__PROBLEM REQUIREMENTS__: Please transcribe the data exactly as shown, skipping the images.

__DATASET EXTRACT__:
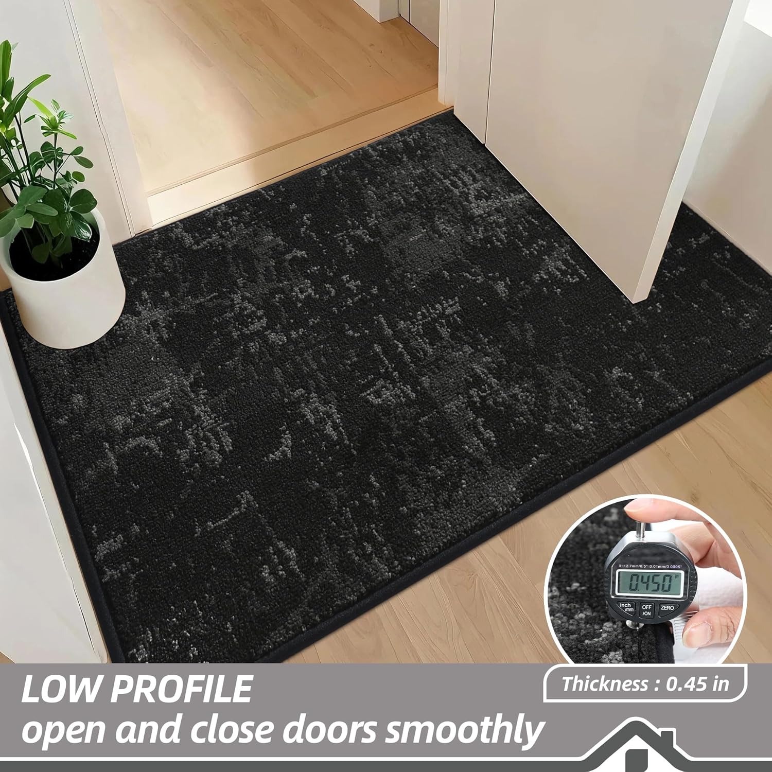 - LOW PROFILE DESIGN: Our doormats are 0.45" thick, low-profile design and reinforced overlock edges to ensure that doors won't get stuck or the door rug go curling. Suitable for front door, back door, entryway, indoor entrance, etc. Note: Please confirm the height of the door gap before purchasing
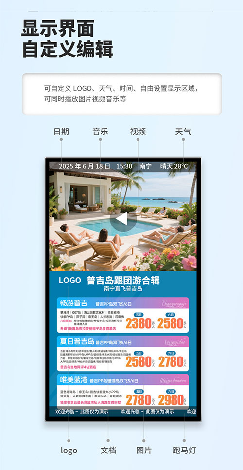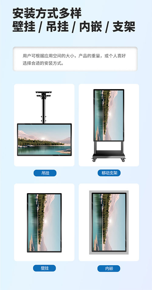 高清壁挂广告机海报屏横竖吊挂嵌入式安装电梯商铺餐饮店电子菜单红外电容触摸显示屏
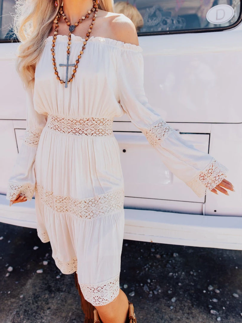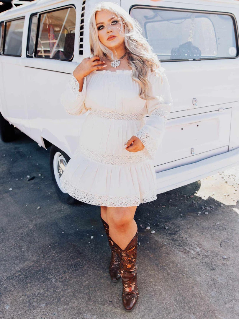 For a minimalist summer look, the Better Together dress features an off-the-shoulder style with long sleeves, a flowy skirt, zipper back, and lace trim. Perfect for nighttime walks on the beach this summer.
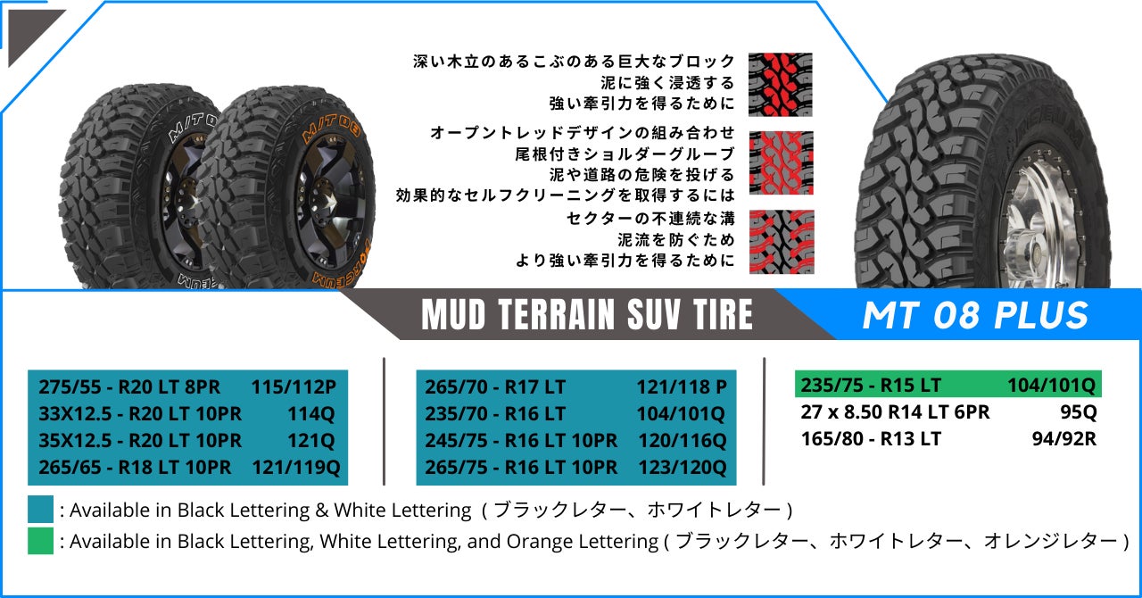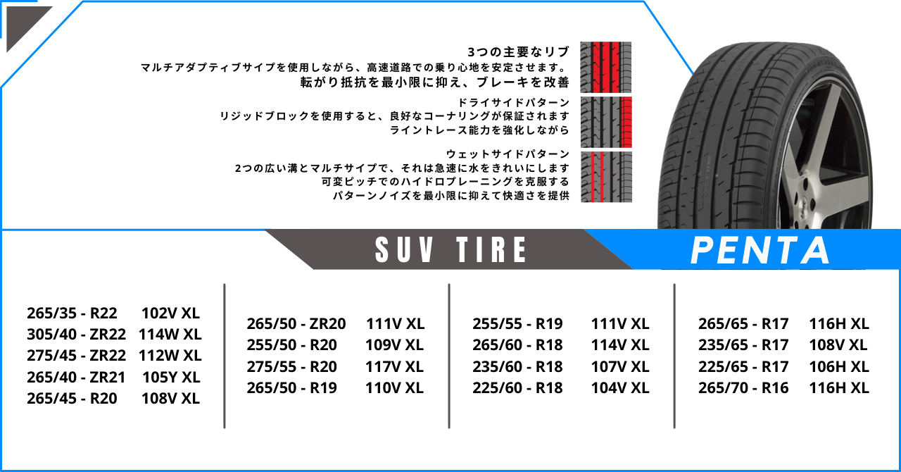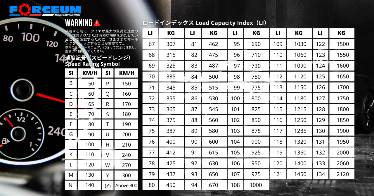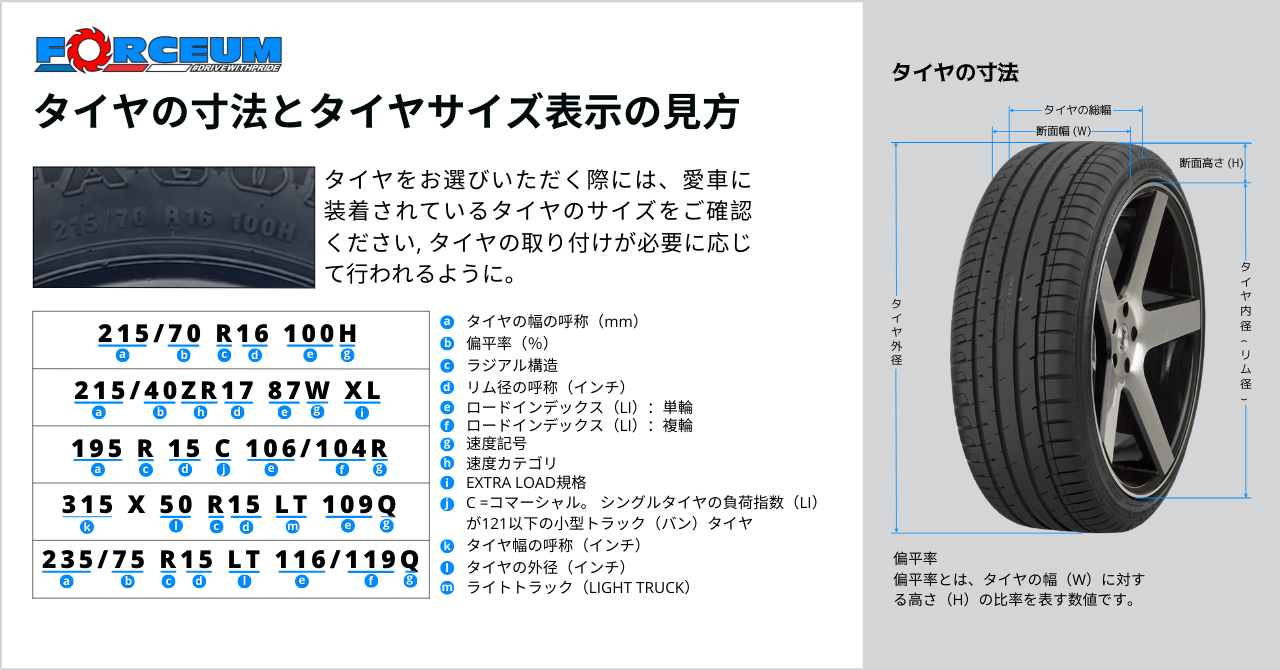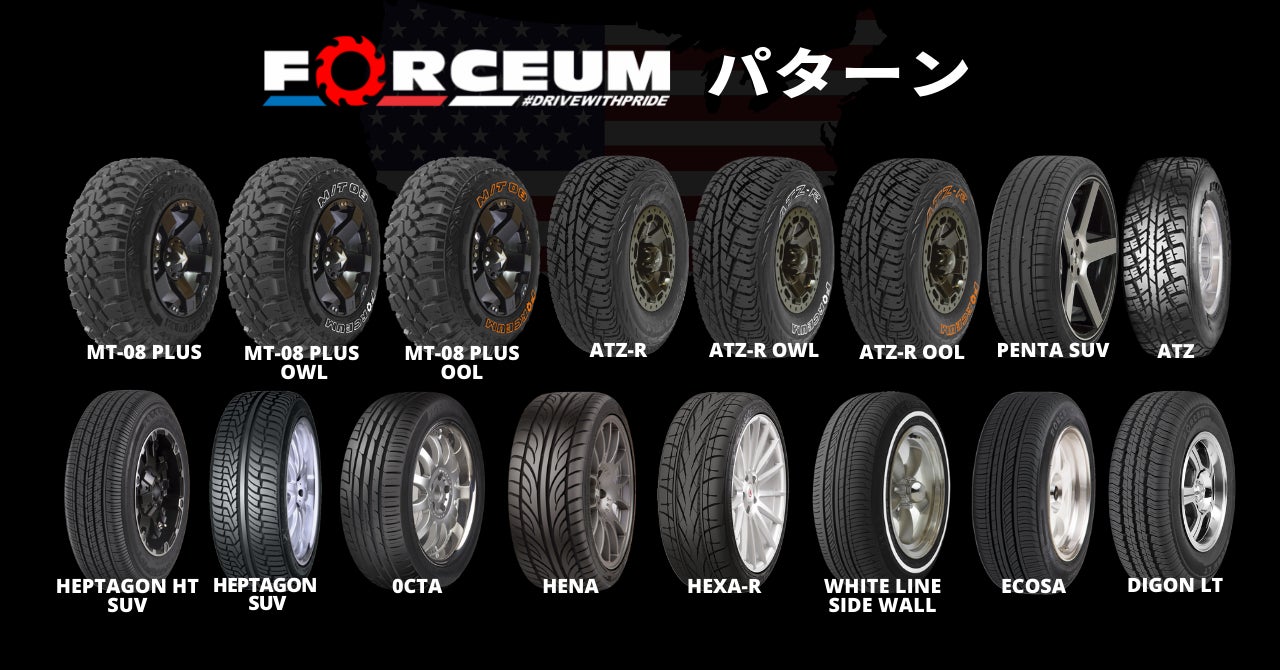 Forceumは、13インチから22インチまでのさまざまなパターンとサイズ、扁平率は30%から80%までの厚さのタイヤを提供しています。

__EXERCISE RESPONSE__:
 - LOW PROFILE DESIGN: Our doormats are 0.45" thick, low-profile design and reinforced overlock edges to ensure that doors won't get stuck or the door rug go curling. Suitable for front door, back door, entryway, indoor entrance, etc. Note: Please confirm the height of the door gap before purchasing
 高清壁挂广告机海报屏横竖吊挂嵌入式安装电梯商铺餐饮店电子菜单红外电容触摸显示屏
 For a minimalist summer look, the Better Together dress features an off-the-shoulder style with long sleeves, a flowy skirt, zipper back, and lace trim. Perfect for nighttime walks on the beach this summer.
 Forceumは、13インチから22インチまでのさまざまなパターンとサイズ、扁平率は30%から80%までの厚さのタイヤを提供しています。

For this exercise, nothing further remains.